Correlation Between Leggett Platt and Oshkosh
Can any of the company-specific risk be diversified away by investing in both Leggett Platt and Oshkosh at the same time? Although using a correlation coefficient on its own may not help to predict future stock returns, this module helps to understand the diversifiable risk of combining Leggett Platt and Oshkosh into the same portfolio, which is an essential part of the fundamental portfolio management process.
By analyzing existing cross correlation between Leggett Platt Incorporated and Oshkosh, you can compare the effects of market volatilities on Leggett Platt and Oshkosh and check how they will diversify away market risk if combined in the same portfolio for a given time horizon. You can also utilize pair trading strategies of matching a long position in Leggett Platt with a short position of Oshkosh. Check out your portfolio center. Please also check ongoing floating volatility patterns of Leggett Platt and Oshkosh.
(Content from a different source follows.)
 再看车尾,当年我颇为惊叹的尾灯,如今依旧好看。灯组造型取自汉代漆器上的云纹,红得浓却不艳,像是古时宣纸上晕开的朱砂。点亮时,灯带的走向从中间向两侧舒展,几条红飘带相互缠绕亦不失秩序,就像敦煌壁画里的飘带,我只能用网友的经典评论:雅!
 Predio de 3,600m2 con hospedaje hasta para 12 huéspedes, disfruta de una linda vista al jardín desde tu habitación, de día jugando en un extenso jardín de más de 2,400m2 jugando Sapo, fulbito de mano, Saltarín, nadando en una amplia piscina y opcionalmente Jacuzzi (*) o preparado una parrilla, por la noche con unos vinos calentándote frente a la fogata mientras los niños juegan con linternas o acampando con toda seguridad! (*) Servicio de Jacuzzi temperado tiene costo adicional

Diversification Opportunities for Leggett Platt and Oshkosh
-0.67 | Correlation Coefficient |
Excellent diversification
The 3 months correlation between Leggett and Oshkosh is -0.67. Overlapping area represents the amount of risk that can be diversified away by holding Leggett Platt Incorporated and Oshkosh in the same portfolio, assuming nothing else is changed. The correlation between historical prices or returns on Oshkosh and Leggett Platt is a relative statistical measure of the degree to which these equity instruments tend to move together. The correlation coefficient measures the extent to which returns on Leggett Platt Incorporated are associated (or correlated) with Oshkosh. Values of the correlation coefficient range from -1 to +1, where. The correlation of zero (0) is possible when the price movement of Oshkosh has no effect on the direction of Leggett Platt i.e., Leggett Platt and Oshkosh go up and down completely randomly.
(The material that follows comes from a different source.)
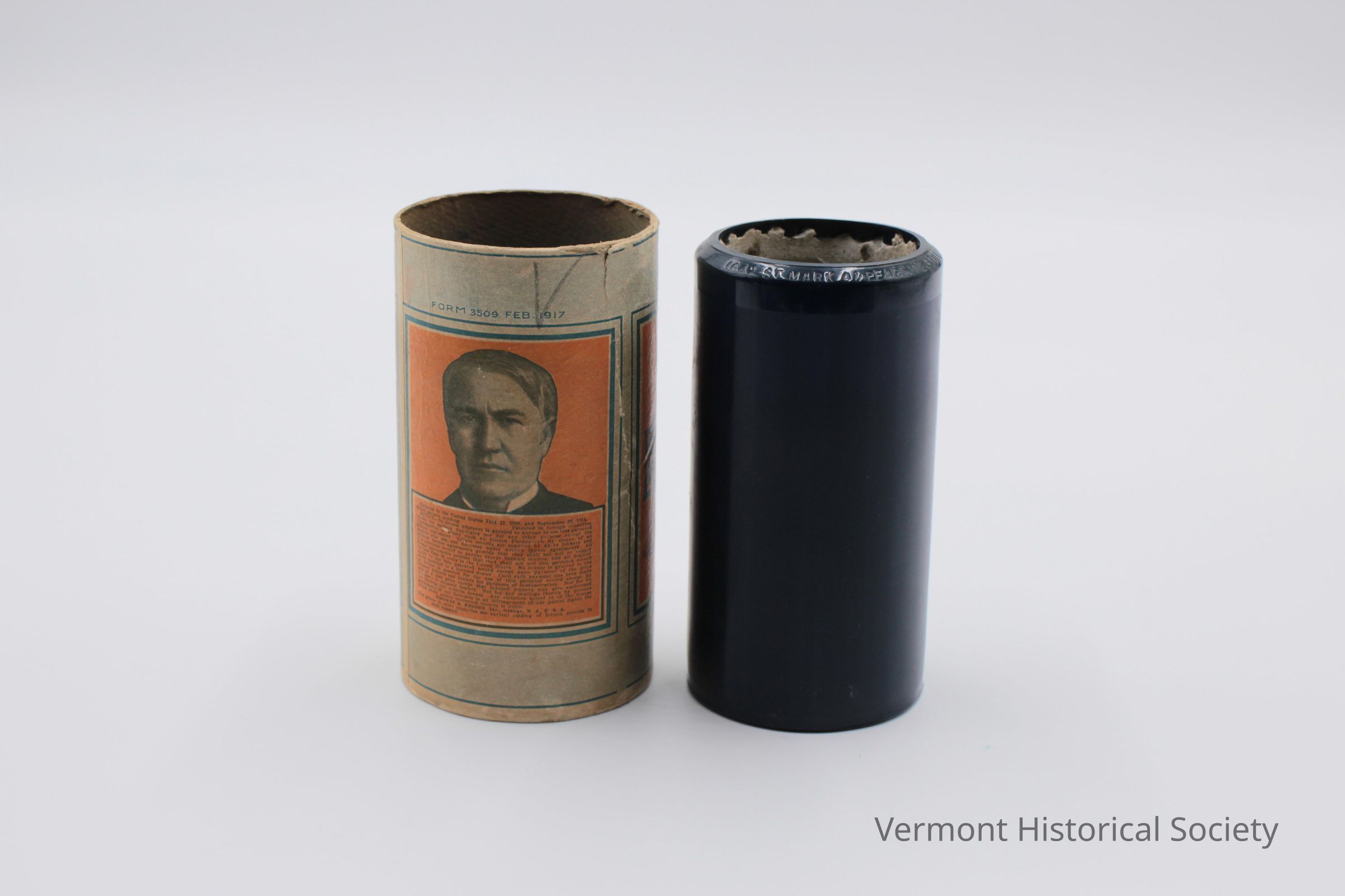 The cylinder is accompanied by a cardboard case. The case is labeled on one side with the words, "EDISON BLUE AMBEROL RECORD", in blue on an orange ground. The other side is printed with a photographic portrait of Thomas Edison above the patent and trademark information and the price (60 cents).Use

Pair Corralation between Leggett Platt and Oshkosh
Considering the 90-day investment horizon Leggett Platt Incorporated is expected to under-perform the Oshkosh. In addition to that, Leggett Platt is 1.32 times more volatile than Oshkosh. It trades about -0.15 of its total potential returns per unit of risk. Oshkosh is currently generating about -0.01 per unit of volatility. If you would invest 11,845 in Oshkosh on January 20, 2024 and sell it today you would lose (79.00) from holding Oshkosh or give up 0.67% of portfolio value over 90 days.
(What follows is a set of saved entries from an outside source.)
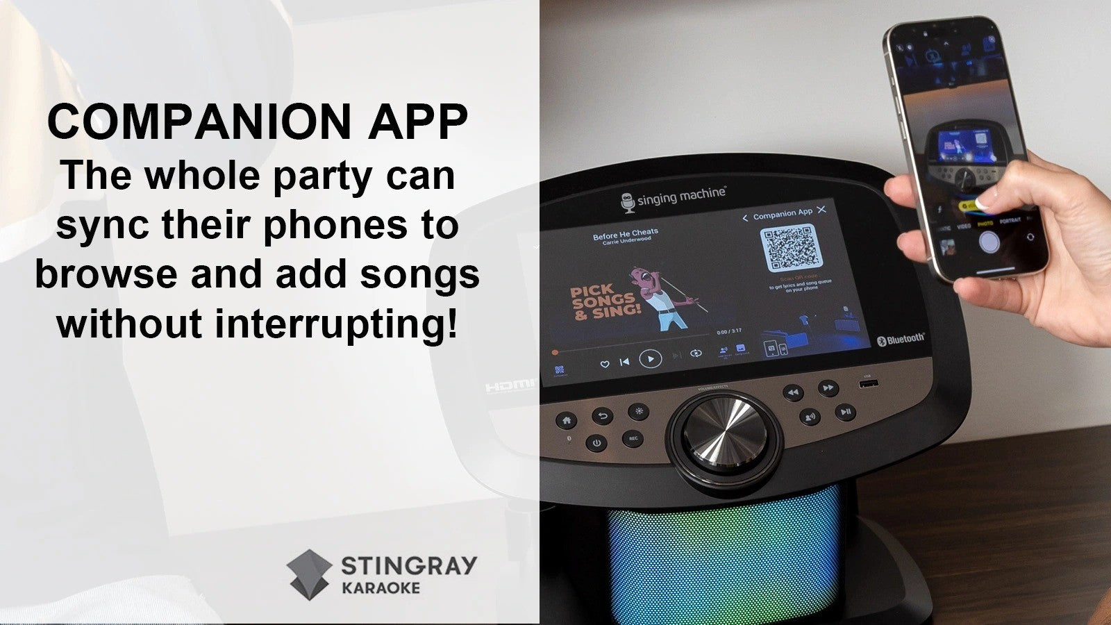 - AI vocal removal works across Bluetooth, USB, karaoke and music streaming apps
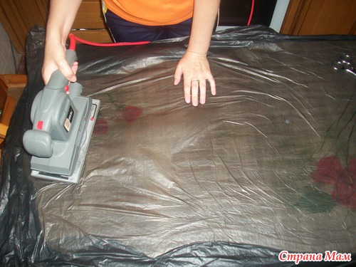 накрываем пленкой и жжужим по всей поверхности буквально по секунде(если нет шлиф-машины, то трем руками
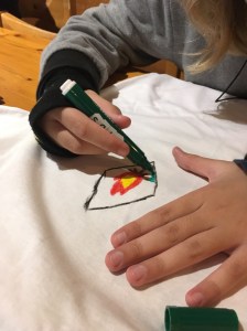 Vi gjorde läger t-skjortor. På t-skjortorna ritade vi en logo som vår klasskompis Stella Sell hade designat. Logon föreställde ett berg, ett träd och en lägereld. Logon såg ut som en svår uppgift att rita, men den var egentligen rolig att rita och inte så svår. Sedan fick man rita och skriva vad man ville på t-skjortorna. När alla var färdiga satt man på sig skjortorna och alla hade på dem resten av lägerskolan.
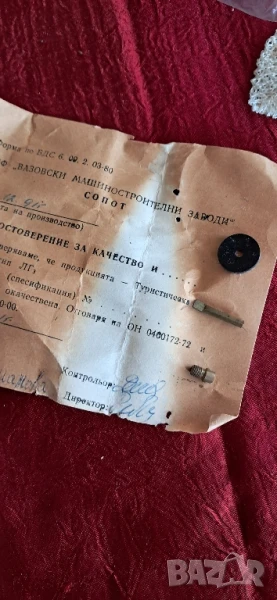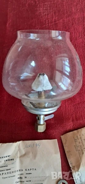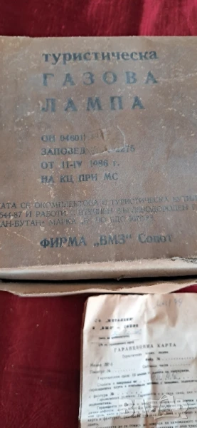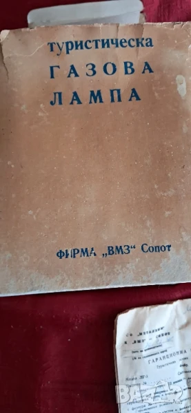 Стара туристическа газова лампа Бг.Вмз-Сопот, състояние чисто Нова не е ползвана с пълен набор от части към нея, ключ, гумичка,дюза,упътване, паспорт, дата на покупка, оригинална опаковка, същата е за ценители на ретро предмети и по предназначение. Цената не подлежи на коментар.
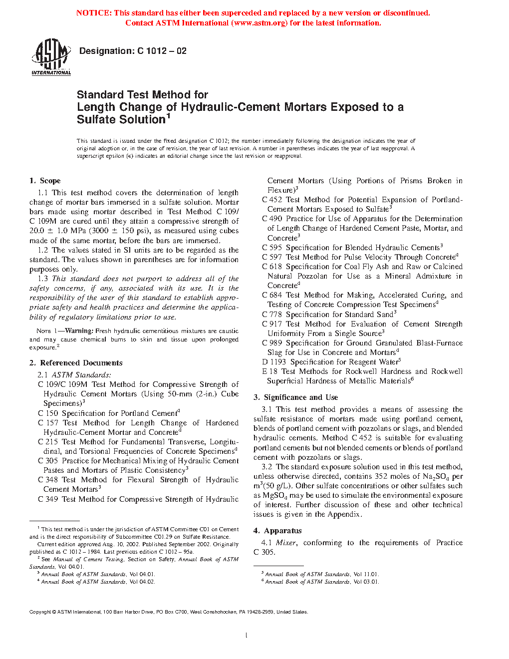 1.1 This test method covers the determination of length change of mortar bars immersed in a sulfate solution. Mortar bars made using mortar described in Test Method C109/ C109M are cured until they attain a compressive strength of 20.0 + 1.0 MPa (3000 + 150 psi), as measured using cubes made of the same mortar, before the bars are immersed.
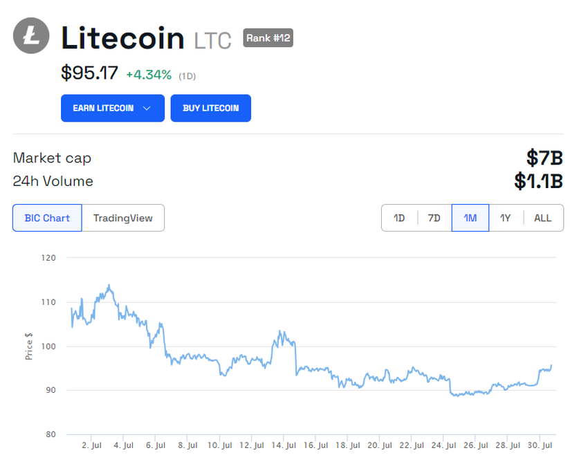 Wraz ze zbliżającym się halvingiem, cena LTC wzrosła o 3,2% w ciągu ostatnich pięciu dni, przechodząc od najniższego poziomu 89 USD odnotowanego 25 lipca do obecnej ceny.
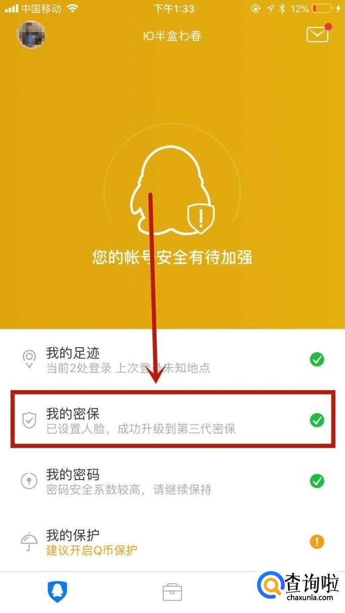 然后点击我的密保,如下图所示。
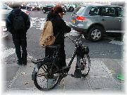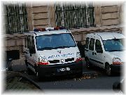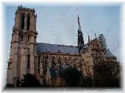 | このパリジェンヌが乗っていた自転車は、前輪に駆動ユニットが付いたいわゆる骨董アシスト自転車でした。 | ノートルダム寺院を正面から見ました。やっぱり観光者が多かった。 | ノートルダム寺院を横から眺めました。パリの大工さんはえらい! | パリを走るパトカーや救急車などは、一般の運転手がルームミラーで見たときに見やすいように、文字が逆さまにペイントしてあります。 |
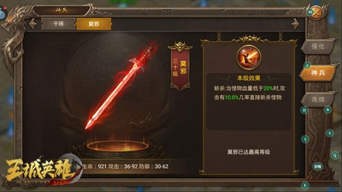 9、然后就是神兵系统(干将满级100级,莫邪满级30级)。前期有个神兵竞技,先搞干将的等级,提升需要的绑定元宝少一些,活动做完再搞莫邪,因为莫邪带的斩杀技能太强悍,而且vip boss也需要莫邪的斩杀属性,来快速通关领先其他人。
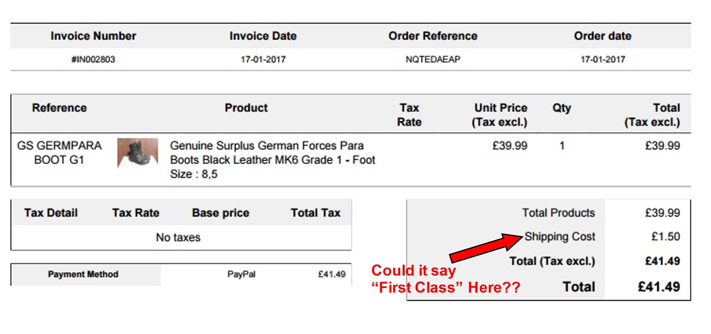 militaryamy Posted January 18, 2017 Share Posted January 18, 2017 Hello - I have Prestshop 1.6.1.4 I have set up the couriers for my shop and all is working fine. When I print and invoice is correctly displays and calculates the shipping costs based on whether the customer has chosen free second class delivery or paid extra for first class or next day delivery. However its just a number in the box and can easily be missed by staff - is there any way I can have it written in letters next to this figure which delivery speed/courier they have chosen so staff can quickly and easily check before despatch? If its code I'll have to pass it on to my IT man but if anyone has any ideas I would be very grateful Thank you x Link to comment Share on other sites More sharing options...

Time Period | 3 Months [change] |
Direction | Moves Against |
Strength | Weak |
Accuracy | 100.0% |
Values | Daily Returns |
Leggett Platt Incorporated vs. Oshkosh
Performance |
Timeline |
Leggett Platt rporated |
Oshkosh |
Leggett Platt and Oshkosh Volatility Contrast
Predicted Return Density |
Returns |
Pair Trading with Leggett Platt and Oshkosh
The main advantage of trading using opposite Leggett Platt and Oshkosh positions is that it hedges away some unsystematic risk. Because of two separate transactions, even if Leggett Platt position performs unexpectedly, Oshkosh can make up some of the losses. Pair trading also minimizes risk from directional movements in the market. For example, if an entire industry or sector drops because of unexpected headlines, the short position in Oshkosh will offset losses from the drop in Oshkosh's long position.Leggett Platt vs. Mohawk Industries | Leggett Platt vs. Tempur Sealy International | Leggett Platt vs. Ethan Allen Interiors | Leggett Platt vs. The Lovesac |
Oshkosh vs. AGCO Corporation | Oshkosh vs. CNH Industrial NV | Oshkosh vs. Deere Company | Oshkosh vs. Lindsay |
Check out your portfolio center.Note that this page's information should be used as a complementary analysis to find the right mix of equity instruments to add to your existing portfolios or create a brand new portfolio. You can also try the Fundamental Analysis module to view fundamental data based on most recent published financial statements.